Ryuu96 said: I wonder if Microsoft is struggling to find a buyer or do the terms for the deal. This is what it sounds like right now based on rumours. Option 1 - Microsoft sells the Activision licenses to another company (rumoured to be EE, owned by BT who are a massive telecommunications company). EE company receives the licenses but can set the terms themselves, a worse deal for consumers and cloud companies in the UK. I wouldn't be surprised if Nvidia and others say this deal is worse than Microsoft's original deal but accept it because it applies to UK only. Option 2 - Microsoft sells the licenses to another company, but they have to abide by the European Commission rules that Microsoft applied to themselves, those rules are that the licenses are free, now I question what the incentive is for another company to accept this deal, how would they make money?

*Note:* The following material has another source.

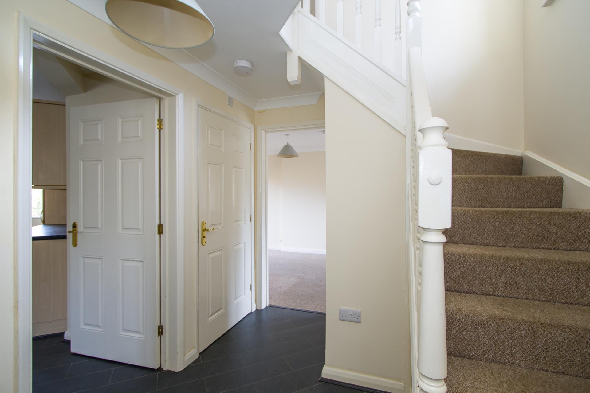 Composite front door with double glazed panels. Tiled floor. Central heating radiator. Stairs to the first floor with under stair cupboard. Doors to the living room, kitchen / diner and WC. Power points. Coved ceiling.
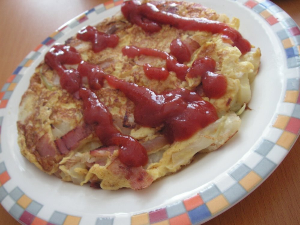 ベーコンと玉ネギの薄切りを炒めて、レンジでふかしたジャガイモを

Microsoft would have to give them some extra financial incentives. All this messing around for a deal which may end up being far worse than the EU deal but at least it isn't Microsoft setting the prices! |
I don't see any of the options you listed as been good for competition or for the consumers and MS would be better off just closing their Cloud Gaming operations in the UK. Because MS selling the Activision rights to Kevin Bacon isn't going to be good for anyone it will either kill off the nascent market they are worried about or it will allow the likes of Amazon to dominate the space without any big competition.
..but when the CMA accept a deal that is worse for competition and customers than the deal they initially blocked can it be undone later?